Vertical versus Horizontal Polarization
A question frequently asked is: “Would I be better off putting up a horizontal dipole or a vertical?” As usual, the answer is: “It depends.” Here are some factors often found to be helpful in arriving at an answer:
• Is there a “convention” regarding antenna orientation (polarization)? Usually because of historical patterns of usage that have evolved, certain groups have standardized on specific polarizations. The 11-m citizens band, for instance, uses vertical polarization because of the high percentage of vehicular mobile users. As a result, almost all house- or tower-mounted antennas—even multielement Yagis and quads—for 27 MHz are vertically polarized. The same is true for most FM mobile and repeater operation on 2 m and above, whereas weak signal SSB or CW DXing on those bands is accomplished with long-boom, high-gain Yagis employing horizontal polarization. Almost all broadcast television receivers were originally located in residential dwellings, so that service began with horizontal polarization as the standard, today’s video-equipped RVs and limousines notwithstanding. Today some FM broadcasting is done with the transmitted signal split between horizontal and vertical polarization, in recognition of the fact that substantial numbers of antennas in both “flavors” are in use.
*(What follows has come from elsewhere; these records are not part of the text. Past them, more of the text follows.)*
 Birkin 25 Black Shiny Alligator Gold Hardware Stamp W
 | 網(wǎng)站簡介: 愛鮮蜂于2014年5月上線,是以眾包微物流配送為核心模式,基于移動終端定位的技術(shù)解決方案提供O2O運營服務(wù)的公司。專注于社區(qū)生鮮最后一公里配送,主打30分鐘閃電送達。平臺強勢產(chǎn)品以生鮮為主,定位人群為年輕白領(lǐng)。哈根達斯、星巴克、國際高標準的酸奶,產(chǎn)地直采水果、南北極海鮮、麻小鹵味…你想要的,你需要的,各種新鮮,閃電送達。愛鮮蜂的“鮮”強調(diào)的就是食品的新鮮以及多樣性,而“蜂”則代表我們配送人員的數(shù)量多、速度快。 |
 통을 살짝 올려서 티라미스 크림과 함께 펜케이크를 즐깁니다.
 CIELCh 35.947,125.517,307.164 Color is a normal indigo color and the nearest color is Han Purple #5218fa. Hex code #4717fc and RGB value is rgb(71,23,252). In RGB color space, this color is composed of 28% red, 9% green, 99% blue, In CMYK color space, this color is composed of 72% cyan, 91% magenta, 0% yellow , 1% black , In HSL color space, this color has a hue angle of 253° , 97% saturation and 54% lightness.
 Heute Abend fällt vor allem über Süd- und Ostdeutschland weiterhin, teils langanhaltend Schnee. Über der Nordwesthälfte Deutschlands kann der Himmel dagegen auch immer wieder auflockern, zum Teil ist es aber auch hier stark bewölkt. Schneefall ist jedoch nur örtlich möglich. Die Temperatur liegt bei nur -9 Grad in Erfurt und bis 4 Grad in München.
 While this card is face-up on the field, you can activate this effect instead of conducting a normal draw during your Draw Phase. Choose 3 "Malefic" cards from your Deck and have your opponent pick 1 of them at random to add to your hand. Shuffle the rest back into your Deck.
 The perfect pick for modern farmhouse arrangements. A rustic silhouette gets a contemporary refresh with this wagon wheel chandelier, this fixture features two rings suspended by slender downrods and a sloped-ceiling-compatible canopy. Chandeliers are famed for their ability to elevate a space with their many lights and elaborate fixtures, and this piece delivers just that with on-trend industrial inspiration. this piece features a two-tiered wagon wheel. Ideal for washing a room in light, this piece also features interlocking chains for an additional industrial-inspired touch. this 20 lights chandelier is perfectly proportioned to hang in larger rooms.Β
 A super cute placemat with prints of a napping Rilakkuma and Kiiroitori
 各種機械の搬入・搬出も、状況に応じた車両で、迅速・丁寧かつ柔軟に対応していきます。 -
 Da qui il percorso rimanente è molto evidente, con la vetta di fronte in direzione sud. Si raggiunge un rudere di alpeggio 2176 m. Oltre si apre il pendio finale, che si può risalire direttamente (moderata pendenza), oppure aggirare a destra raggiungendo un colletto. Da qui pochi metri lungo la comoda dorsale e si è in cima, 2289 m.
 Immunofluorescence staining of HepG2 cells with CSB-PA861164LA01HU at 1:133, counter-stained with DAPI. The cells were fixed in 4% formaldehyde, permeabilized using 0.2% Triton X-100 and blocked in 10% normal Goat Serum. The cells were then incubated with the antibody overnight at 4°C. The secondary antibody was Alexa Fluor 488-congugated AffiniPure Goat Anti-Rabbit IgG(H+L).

• What frequencies do you wish to use? What is your objective for a particular antenna? On the HF bands there is generally a 6-dB ground reflection advantage at each end of the path at higher elevation angles for horizontal antennas, but below about 10 MHz verticals often outperform all but the highest dipoles and beams at low radiation angles. Otherwise, the source polarization is immaterial for skip propagation because the ionosphere tends to randomly rotate the polarization of waves passing through it regardless of what was delivered to it. If you are an inveterate DXer, you will most likely enjoy more success on the MF and lower HF bands with a vertical than with a dipole, but if your principal operating activity is a regional or local network of friends, a low horizontal dipole or loop may be your best choice.
• Are you bothered by local noise sources, and, if so, do they favor one polarization over the other? If you can effect an improvement in received signal-to-noise ratio (SNR) through the proper choice of polarization, that may be the single most important factor for your specific installation.
• What space or support limitations do you have? A treeless residential backyard may be better suited for an 80-m ground-mounted λ/4 vertical than for a λ/2 dipole, while some college dormitory residents have had great success with a simple dipole or end-fed longwire stretched from rooftop to rooftop across the courtyard below.
Perhaps the best answer to this question is: “Put up at least one of each!” Some years ago the author had both a dipole and an elevated ground-plane vertical for 40 m behind his house. In actual use, there were “dipole nights” and “vertical nights” on 40, with received signal strength differences on transatlantic paths shifting back and forth between the two antennas from night to night by as much as 20 dB! No one antenna can do it all; if you have the space and the time to put up two or more antennas.
Supporting the Vertical Antenna
Verticals for frequencies below about 5 MHz are substantial structures; their support requirements are akin to those of 60-ft or greater towers. Therefore, information on supporting verticals for the MF and lower HF bands is found in Chap. 29 (“Towers”).
Above 5 MHz, supporting a λ/4 vertical is a much simpler task. For these antennas, the techniques of Chap. 28 (“Supports for Wires and Verticals”) are typical.